Considering that each service is hosted on an isolated process if a service faces a bottleneck problem and needs a lot of resources, it is possible to move it to other machines and servers without any impact on the performance of the service or other services.

When more users use an application feature, that service can scale by distributing it to servers with more processing power or by using cache without affecting other services. Another advantage is that scaling at the level load native and containers provides ease of maintenance of application code.

As a result, the time needed to deliver new versions and costs is reduced.

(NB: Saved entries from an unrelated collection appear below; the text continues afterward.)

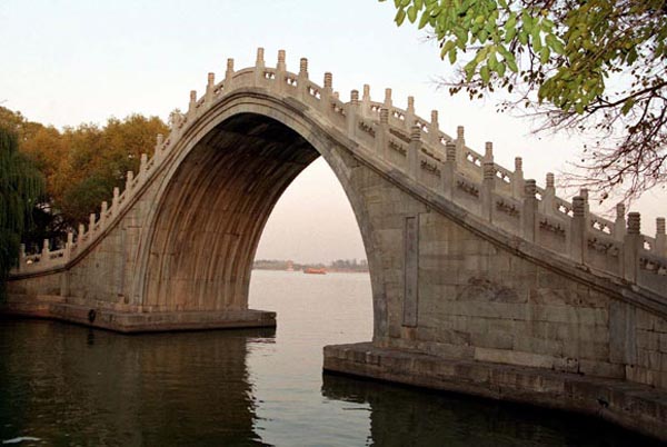 玉帶橋:玉帶橋位于北京頤和園昆明湖長堤上,建于清乾隆年間(公元1736-1795年)。該橋單孔凈跨11.38米,矢高約7.5米,全部用玉石琢成,橋面是雙反向曲線,組成波形線橋型,配有精制白石欄板,顯得格外富麗堂皇。此橋位于北京頤和園內(nèi),全橋用漢白玉石建成,拱圈為蛋形,兩側(cè)雕刻精美的欄板和望柱,通體潔白、線條流暢。遠(yuǎn)望猶如一條玉帶點綴在碧波粼粼的昆明湖上,被游客贊為“海上仙島”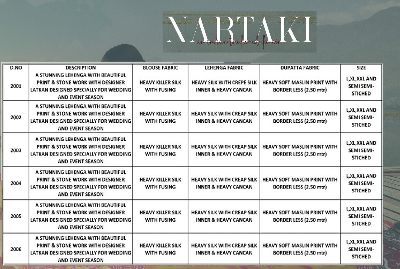 Buy Online Nartaki Series 2001 To 2006 By Virasat Readymade Lehanga Choli Single And Set Stockiest And Supplier From Surat 6 Pcs of Full Catalogue at Wholesale Price. Looking for Nartaki Series 2001 To 2006 By Virasat Readymade Lehanga Choli Single And Set Stockiest And Supplier From Surat Full Catalouge at Best Price? Buy Now Nartaki Series 2001 To 2006 By Virasat Readymade Lehanga Choli Single And Set Stockiest And Supplier From Surat at Wholesale Rate of Rs 0 with Total 6 Pcs from authroized dealer and supplier of Brand. Cost of Each piece is just only Rs 0 which is very low and affordable price to resale the product in your retail store ,This is Surat based Wholesale Supplier & Dealer of Brand. Click on Brand name to Know more about Brand's products.Call or Whatsapp on 9898838984 for booking or enquiry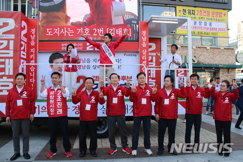 【창원=뉴시스】 홍정명 기자 = 지난 9일 오후 경남 창원시 성산구 상남동에서 김태호 자유한국당 경남도지사 후보가 거리 유세를 하고 있다.2018.06.10.(사진=김태호 후보 캠프 제공)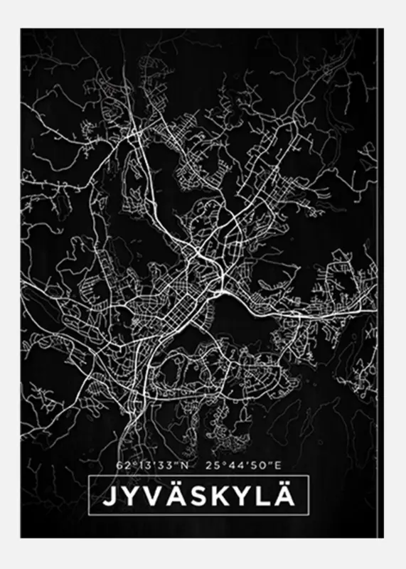 Achetez Aujourd’hui Map – Jyväskylä – Black Canvasprint (30×40 cm)
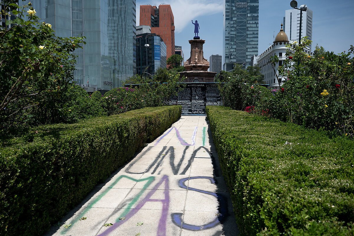 The demonstrations have grown each year. In 2021, activists placed an unsanctioned “guerrilla” statue of a purple woman with her left fist raised above her head on the Paseo de la Reforma, one of the oldest thoroughfares in Mexico City, replacing a statue of Christopher Columbus that once stood on a tall column at a roundabout. Now named Justicia, it is dedicated to women who were murdered or who disappeared. Mexico City officials agreed not to take down the new statue, a prominent feature of the march route. The former Columbus roundabout, too, has been renamed Glorieta de las Mujeres que Luchan, or the Roundabout of Women Who Fight.

In addition, code reusability is increased because a feature is hosted as a service, and multiple services can use the same feature instead of re-implementing the code each time. Service-oriented architecture offers the possibility of using a wide range of technologies to meet needs.

For example, R or Python are software data analysis packages that can be distributed and hosted separately. At the same time, C# can implement services, while NodeJS can use on the server side, and AngularJs and ReactJs can use to implement the user interface.

Scaling is the opposite of monolith architecture. It is possible to scale an application based on a monolithic architecture, but in most cases, it is cheaper to scale a system based on a microservices architecture. Microservices allow you to use cloud resources more efficiently and pay less monthly for the services you need. You only need to mount the microservice that receives a lot of loads and spread the traffic across virtual machines in the cloud.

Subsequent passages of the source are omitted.